**MATERIAL PROVIDED:**

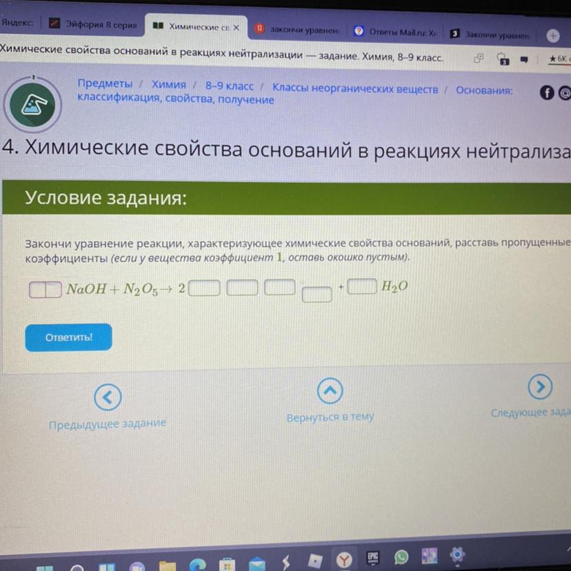 N2O5 + 2 NaOH → 2 NaNO3 + H2O
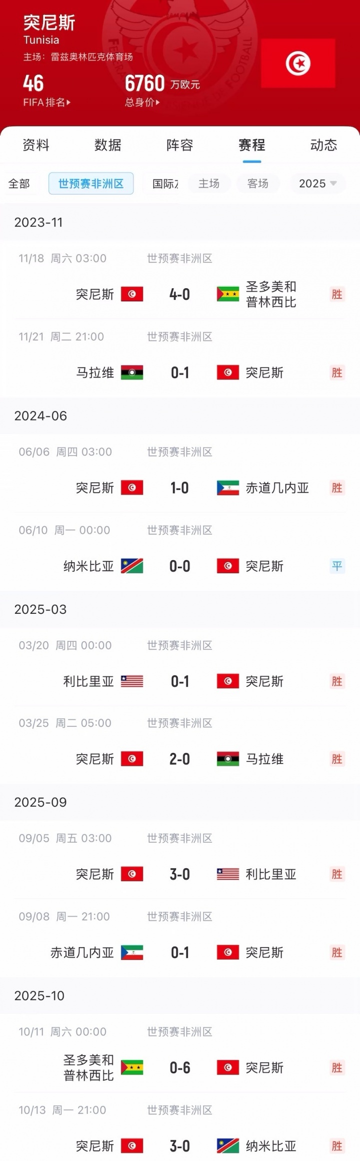 在本阶段世预赛中,突尼斯除了客战纳米比亚时0-0战平,其他场次全部取胜且一球未失。
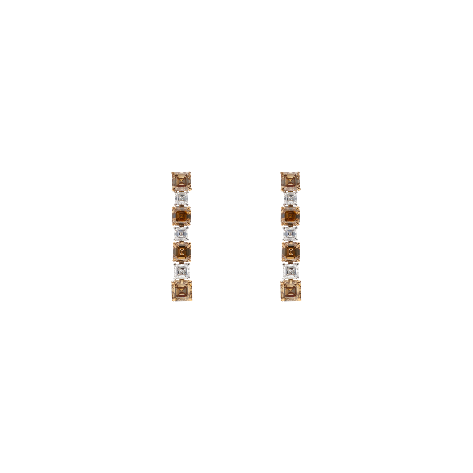 Orecchini Pendenti Collezione High Jewelry In Oro Rosa E Bianco 18 Carati Con Diamanti Brown E Diamanti Bianchi Taglio Square Emerald Certificati Gia
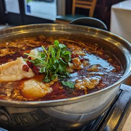 Excellent and food coma inducing dinner! Came here on a Saturday night with 2 others for dinner, enjoyed a TON of amazing food, and struggled to stay awake the rest of the night. It's a small interior so the wait could be short or long based on how many people are almost done eat vs willingness to stay and wait for a table. They told us 20 min and we were seated around 15-20 min. The food: - Cucumber in spicy garlic sauce: nice and refreshing. I'd honestly recommend getting these mid-meal. Perfect as palate cleansers between dishes - Chongqing Style Spicy Chicken: basically spicy popcorn chicken. Nothing to write home about, but you can bet they were enjoyable to eat! A good crowd pleaser. Would also recommend dipping the chicken into the sauce of other dishes to try new delicious combinations. - Dan Dan Noodles: the noodles were cooked well and the sauce and pork were tasty. Wish the noodles themselves had a bit more flavor, but it you eat them alongside drinking some broth, it's great. They were also super nice about bringing 3 smaller bowls and splitting the dish among us. - Eggplant with pork in garlic sauce: this was honestly my favorite dish. The eggplant was perfectly cooked and the sauce had SO MUCH flavor. I'd say this is a must-get - Spicy Fish & Beer and Chinese Herb Spice: this was actually 2 dishes, the fish and the beef dishes. When my friend asked which they preferred, the waiter mentioned that we could get both combined. I'm glad we listened to them. My preference was the beef, but both were so good- flavorful, spicy, and tender. This is definitely a must-try dish. And the sauce worked very well with the fried chicken! - Salt & Pepper calamari: not the calamari you're used to, but super good nonetheless. The calamari was nice and tender while the breading had a great crunch. Topped with salt, pepper, and garlic! Enjoyed eating by itself, but also dipping into other sauces! Portions here are fairly big so come with an appetite. And I'd highly recommend going with a few people (not too big of a group given restaurant size) so you can try more items family style. We got 1 appetizers and 5 entrees (maybe 6 since the fish and meat were combined) and left with a decent amount of leftovers (which they packed for us) and incredibly full. Will definitely return. Might also order them via delivery if I can!
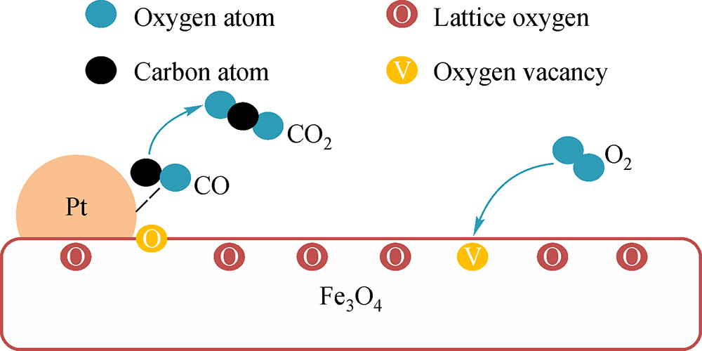 The self-inhibition behavior due to CO poisoning on Pt metal particles strongly impairs the performance of CO oxidation. It is an effective method to use reducible metal oxides for supporting Pt metal particles to avoid self-inhibition and to improve catalytic performance. In this work, we used in situ reductions of chloroplatinic acid on commercial Fe3O4 powder to prepare heterogeneous-structured Pt/Fe3O4 catalysts in the solution of ethylene glycol. The heterogeneous Pt/Fe3O4 catalysts achieved a better catalytic performance of CO oxidation compared with the Fe3O4 powder. The temperatures of 50% and 90% CO conversion were achieved above 260°C and 290°C at Pt/Fe3O4, respectively. However, they are accomplished on Fe3O4 at temperatures higher than 310°C. XRD, XPS, and H2-TPR results confirmed that the metallic Pt atoms have a strong synergistic interaction with the Fe3O4 supports. TGA results and transient DRIFTS results proved that the Pt metal particles facilitate the release of lattice oxygen and the formation of oxygen vacancies on Fe3O4. The combined results of O2-TPD and DRIFTS indicated that the activation step of oxygen molecules at surface oxygen vacancies could potentially be the rate-determining step of the catalytic CO oxidation at Pt/Fe3O4 catalysts. The reaction pathway involves a Pt-assisted Mars-van Krevelen (MvK) mechanism.
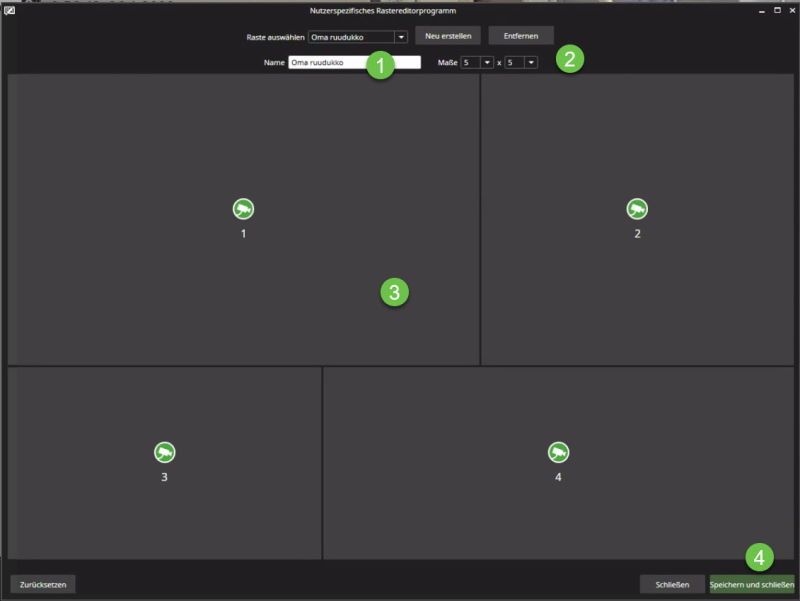 Wählen Sie den erforderlichen benutzerdefinierten Kamerarasternamen aus

**TASK ITEM:**
Repeat, exactly and in full, each line from the start of the data to the line that contains "Orecchini Pendenti Collezione". Pictures do not go in.

**WRITTEN REPLY:**
 N2O5 + 2 NaOH → 2 NaNO3 + H2O
 在本阶段世预赛中,突尼斯除了客战纳米比亚时0-0战平,其他场次全部取胜且一球未失。
 Orecchini Pendenti Collezione High Jewelry In Oro Rosa E Bianco 18 Carati Con Diamanti Brown E Diamanti Bianchi Taglio Square Emerald Certificati Gia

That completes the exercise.